Note that in general \(h_f \neq h_b\). Unlike the standard definition of Hausdorff distance that takes the maximum of \(h_f\) and \(h_b\), we take the minimum of the two.

The rationale behind this modification is that merging/splitting of ARs mostly happen in an end-to-end manner, during which a sudden increase/decrease in the length of the AR induce misalignment among the anchor points. Specifically, merging (splitting) tends to induce large backward (forward) Hausdorff distance. Therefore \(min \{ h_f(A,B), h_b(A,B) \}\) offers a more faithful description of the spatial closeness of ARs. For merging/splitting events in a side-to-side manner, this definition works just as well.

Input data

This step takes as inputs the AR records detected at individual time steps as computed in Detect AR appearances from THR output.

The tracker parameters used:

# Int, hours, gap allowed to link 2 records.
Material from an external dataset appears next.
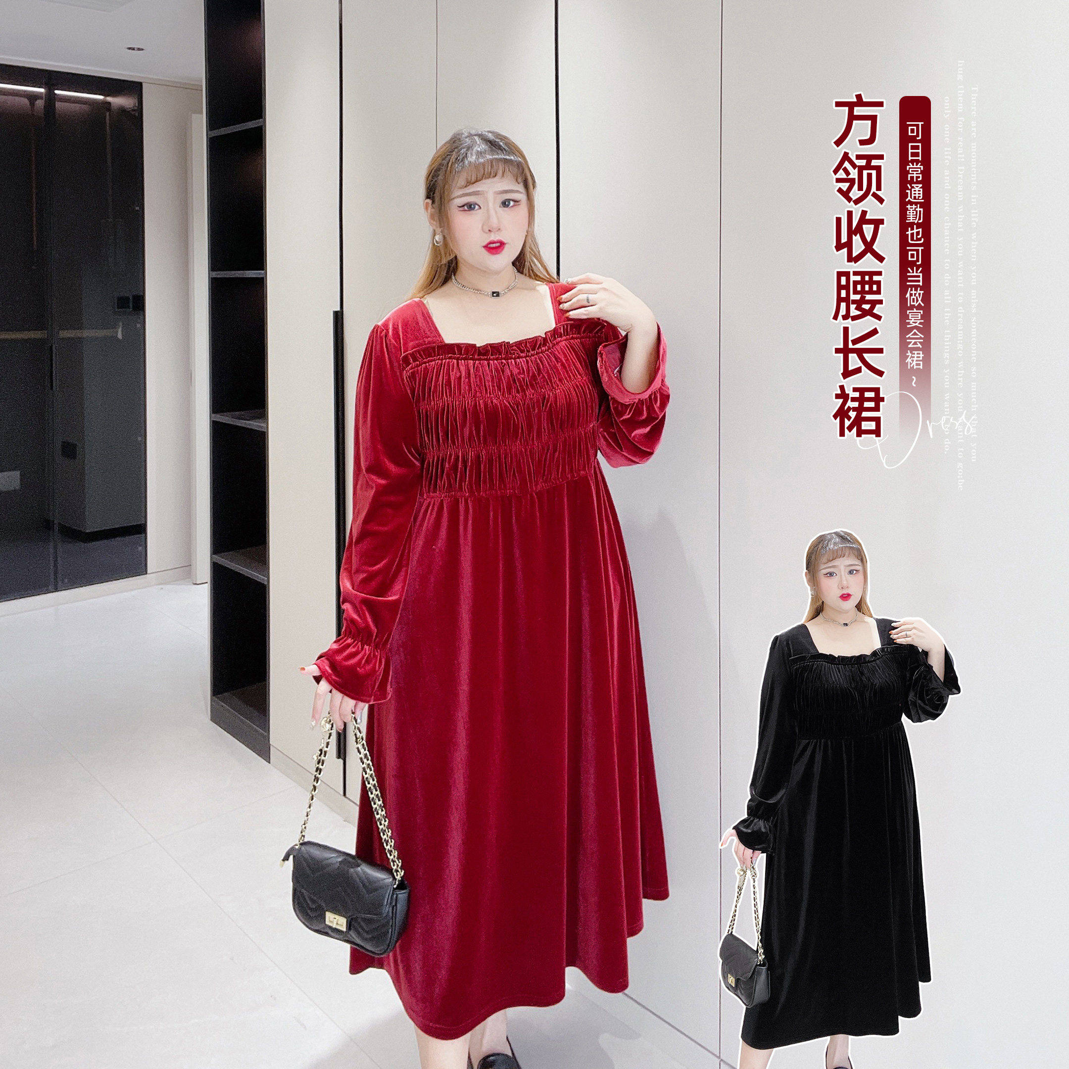 260斤胖妹大码女装复古法式方领丝绒红色年会礼服高级感长连衣裙

Should be the time resolution of
# the data.
TIME_GAP_ALLOW=6

# tracking scheme. 'simple': all tracks are simple paths.
# 'full': use the network scheme, tracks are connected by their joint points.
TRACK_SCHEME='simple'  # 'simple' | 'full'

# int, max Hausdorff distance in km to define a neighborhood relationship
MAX_DIST_ALLOW=1200  # km

# int, min duration in hrs to keep a track.
MIN_DURATION=24

# int, min number of non-relaxed records in a track to keep a track.
MIN_NONRELAX=1

# whether to plot linkage schematic plots or not
SCHEMATIC=True

Usage in Python scripts

The tracking process is handled by the AR_tracer.trackARs() function:

from ipart.AR_tracer import trackARs
from ipart.AR_tracer import readCSVRecord

ardf=readCSVRecord(RECORD_FILE)
track_list=trackARs(ardf, TIME_GAP_ALLOW, MAX_DIST_ALLOW,
    track_scheme=TRACK_SCHEME, isplot=SCHEMATIC, plot_dir=plot_dir)

where

  • RECORD_FILE is the path to the csv file saving the individual AR records. Refer to this notebook for more information on the creation of this file.
  • ardf is a pandas.DataFrame object containing the AR records at individual time points.
  • track_list is a list of AR objects, each stores a sequence of AR records that form a single track. The data attribute of the AR object is a pandas.DataFrame object, with the same columns as shown in AR records DataFrame.

After this, one can optionally perform a filtering on the obtained tracks, using AR_tracer.filterTracks(), to remove, for instance, tracks that do not last for more than 24 hours:

from ipart.AR_tracer import filterTracks
track_list=filterTracks(track_list, MIN_DURATION, MIN_NONRELAX)

Example output

The resultant AR track can be visualized using the following snippet:

from ipart.utils import plot
import cartopy.crs as ccrs

latax=np.arange(0, 90)
lonax=np.arange(80, 440)  # degree east, shifted by 80 to ensure monotonically increasing axis

plot_ar=track_list[6]  # plot the 7th track in list

figure=plt.figure(figsize=(12,6),dpi=100)
ax=figure.add_subplot(111, projection=ccrs.PlateCarree())
plotplotARTrack(plot_ar,latax,lonax,ax,full=True)

The output figure looks like Fig. 7 below.

_images/ar_track_198424.png

Fig. 7 Locations of a track labelled “198424” found in year 1984. Black to yellow color scheme indicates the evolution.

Dedicated Python script

You can use the scripts/trace_ARs.py script for AR tracking process in production.

Note

Unlike the AR occurrence detection process, this tracking process is time-dependent and therefore can not be paralleized. Also, if you divide the detection process into batches, e.g. one for each year, you may want to combine the output csv records into one big data file, and perform the tracking on this combined data file. This would prevent a track lasting from the end of one year into the next from being broken into 2.

Notebook example

An example of this process is given in this notebook.